WHAT YOU NEED TO DO: Please return exactly the lines from the top of the data through the line that contains "Reduce the heat", and skip all pictures.

Start of DATASET EXCERPT

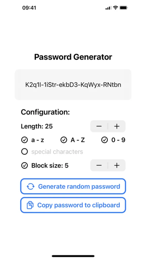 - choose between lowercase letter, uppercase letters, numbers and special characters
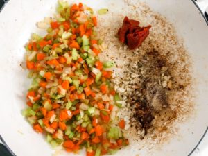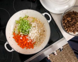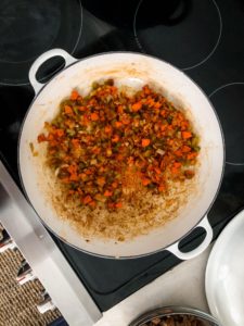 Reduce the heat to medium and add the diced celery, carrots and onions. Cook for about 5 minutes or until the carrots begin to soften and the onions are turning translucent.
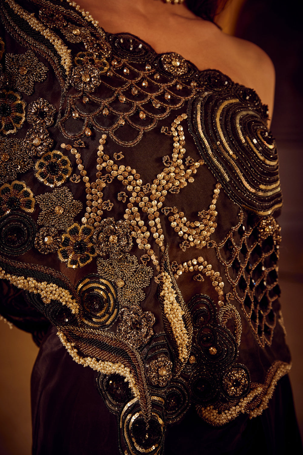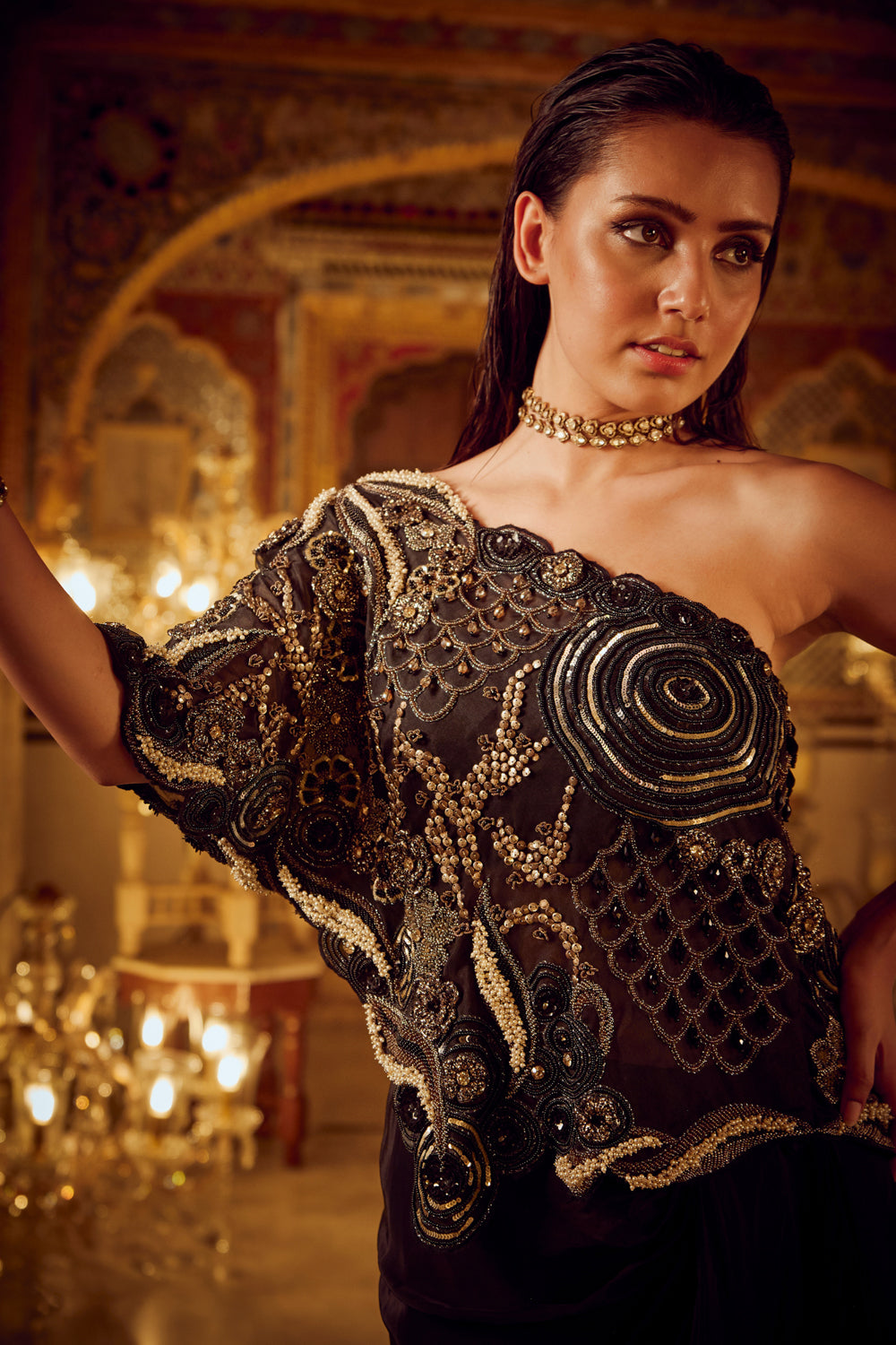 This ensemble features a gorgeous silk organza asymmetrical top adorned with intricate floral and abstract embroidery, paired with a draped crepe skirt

End of DATASET EXCERPT

TASK OUTPUT:
 - choose between lowercase letter, uppercase letters, numbers and special characters
 Reduce the heat to medium and add the diced celery, carrots and onions. Cook for about 5 minutes or until the carrots begin to soften and the onions are turning translucent.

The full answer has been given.